With racing such a big-time money sport, Lyndon is staying focused on his long-term goals. Most drivers his age want to get to NASCAR, but he keeps that in the back of his mind for now.
“I want to drive a big sprint car at the Chili Bowl [in Tulsa],” Lyndon said. “That’s where Tony Stewart and all the big race drivers go. That’s what I want to get to.
“Right now we would just like to move up through the ranks and have fun.”
The World of Outlaws might be a more realistic goal for Lyndon. Staying on the dirt is something the Harveys would prefer.
“We’ve both run the pavement, and it’s boring,” Chad said. “The dirt is where it’s at. That is the most fun part.
“The car gets dirty getting to sling the dirt, and you’re beating and banging. It’s just a lot more enjoyable.”
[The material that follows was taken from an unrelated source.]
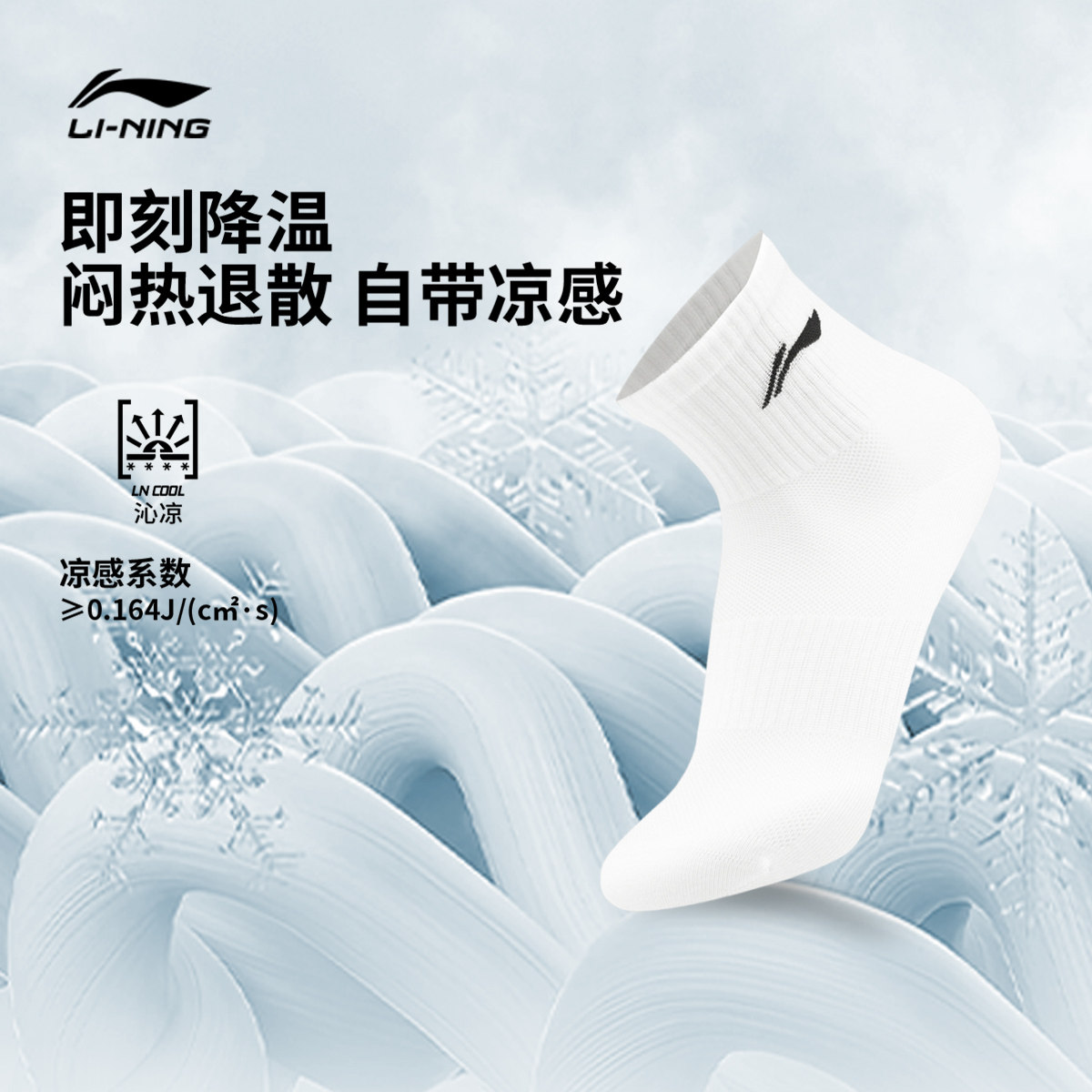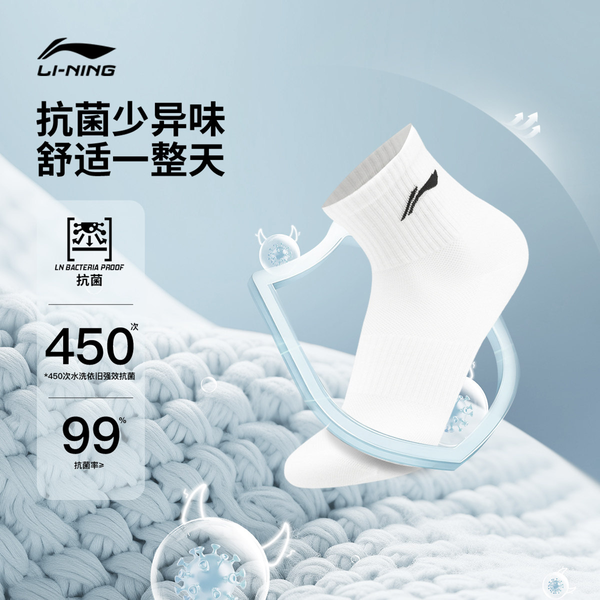 李宁薄荷袜男士纯白色短袜2026新款抗菌透气凉感三双装运动袜子女
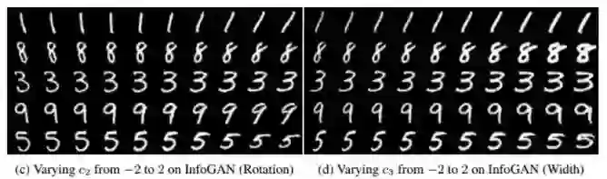 我们在GAN大盘点中聊过infoGAN吗,通过控制隐信息c可以生成特定条件的图像(倾斜更高,宽度更大):

Racing every week has turned into more than winning and losing for the Harveys – it’s a complete family event, as the whole family loads up every weekend to travel to each race.
“We all go every weekend,” Chad said. “Lyndon has two No.1 fans – his sister Reagan and his adoptive Uncle Ronald.
“Ronald almost goes to every race with us. He’s so into it and helps Lyndon out. His sister has made a lot of sacrifices, too.”
His grandparents also make the trip periodically to give Lyndon a supportive following for each race. His mother, Amanda, says it can be tough to watch.
“Your heart rate goes up every time,” she said. “It’s definitely not something you get used to, as far as nerves.”
Despite the high rate of speed and dangerous turns, the micro-sprints are relatively safe. Lyndon has had his share of wrecks but nothing serious.
“After you flip, you get a little sore, but it happens so quick,” he said. “It’s kind of fun when you’re flipping, but afterwards you’re mad.”
Lyndon has to keep his grades up to keep enjoying his favorite sport. He also plays basketball and baseball but has a tough time giving those sports their due, with all the racing he’s committed to.
From now until January he’ll race an average of three weekends a month.
The Harveys have come a long way since those early days in the shop, and Lyndon continues to pick things up every time out.
“I’ve learned a lot more so it’s gotten better,” he said. “Once you win a race you get a lot more confident at the track. You don’t feel intimidated by anybody – they are just another car.”
With the wins coming in and confidence building, there should be a lot more in store for this young racer.
“It used to be we went to just finish the race,” Chad said. “Then we went to get a top-10. Now we go and expect to win it. That’s the attitude.”